Debugging all of the functionality with the new test documents shows that everything is still working correctly, and the shape_id is used instead of the ordinality index.
declare
l_json $if dbms_db_version.version >= 21 $then json $else clob $end ;
begin
l_json := dynamic_json#test.test_jdoc(dynamic_json#test.c_array_simple_id);
dynamic_json#beta.debug_json_table_expression(l_json, 'shape_id');
end;
/
select j.*
from
json_table(:jdoc, '$[*]'
columns (
"row#id" number path '$.shape_id'
, "name" varchar2(4000) path '$.name'
, "side" varchar2(4000) path '$.side'
, "color" varchar2(4000) path '$.color'
, "width" varchar2(4000) path '$.width'
, "height" varchar2(4000) path '$.height'
, "length" varchar2(4000) path '$.length'
, "radius" varchar2(4000) path '$.radius'
)
) j
Testing the pipelined functions shows that the shape_id value is being used correctly as the row identifier.

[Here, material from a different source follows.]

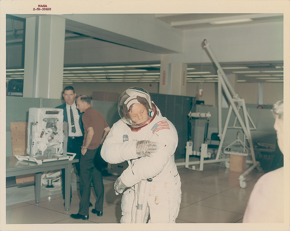 One of the most incredible aspects of the Dan Schaiewitz Collection is the astounding assortment of vintage NASA photographs. As an integral part of KSC’s PLSS training, most notably on the first lunar landing mission, he actually took part in these amazing behind-the-scenes moments: Dan himself tested Armstrong’s space suit. Offered here are exceptionally rare Apollo 11 red-numbered training photographs, many of them quite possibly never-before-seen by collectors and offered here for the first time.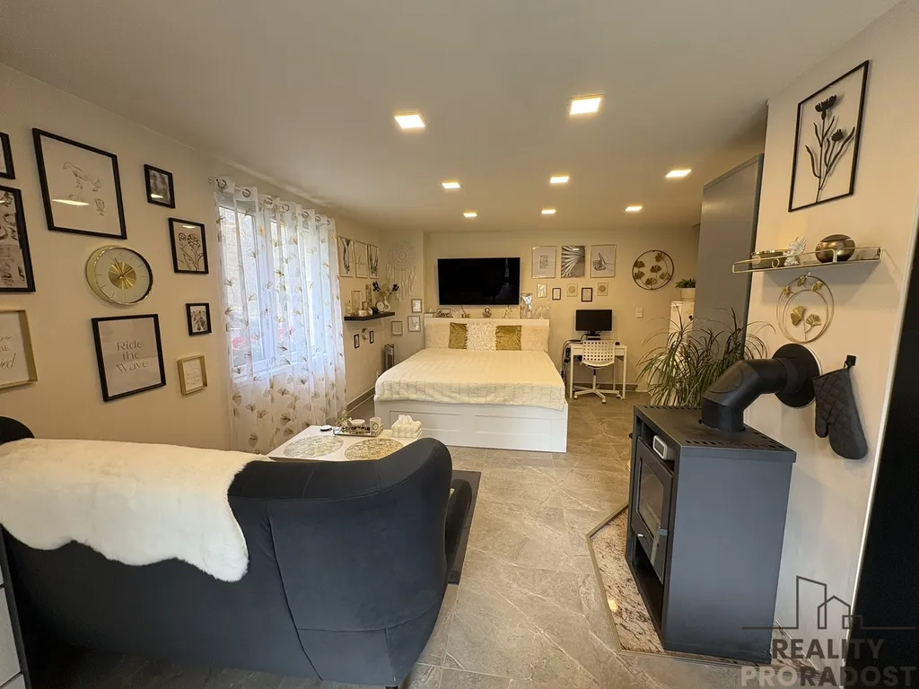 Obývací část s krbovými kamny plynule navazuje na venkovní terasu, kde můžete relaxovat při pohledu přímo do lesa či na pěkný pozemek.

design-8.2-enhancements-test.sql
select *
from dynamic_json#beta.unpivot_json_array(dynamic_json#test.test_jdoc('simple'));
select *
from dynamic_json#beta.unpivot_json_array(
dynamic_json#test.test_jdoc('simple_id'),
row_identifier => 'shape_id');
Our shape ids start at 101, so its easy to tell the difference between the results that used an identifier and the results that used ordinality.
simple json with no row identifier
ROW#ID COLUMN#KEY COLUMN#VALUE
1 color blue
1 name square
1 side 5
2 length 5
2 name rectangle
2 width 3
3 height 2
3 length 5
3 name box
3 width 3
4 color red
4 name hexagon
4 side 3
5 name circle
5 radius 3
simple json with shape_id as row identifier
ROW#ID COLUMN#KEY COLUMN#VALUE
101 color blue
101 name square
101 side 5
102 length 5
102 name rectangle
102 width 3
103 height 2
103 length 5
103 name box
103 width 3
104 color red
104 name hexagon
104 side 3
105 name circle
105 radius 3
Finishing Touches
The primary functionality we want to expose from this utility is the pipelined function. The column_values nested table type, column_value record type and unpivot_json_array pipelined function are the minimum elements that need to be exposed in the package specification.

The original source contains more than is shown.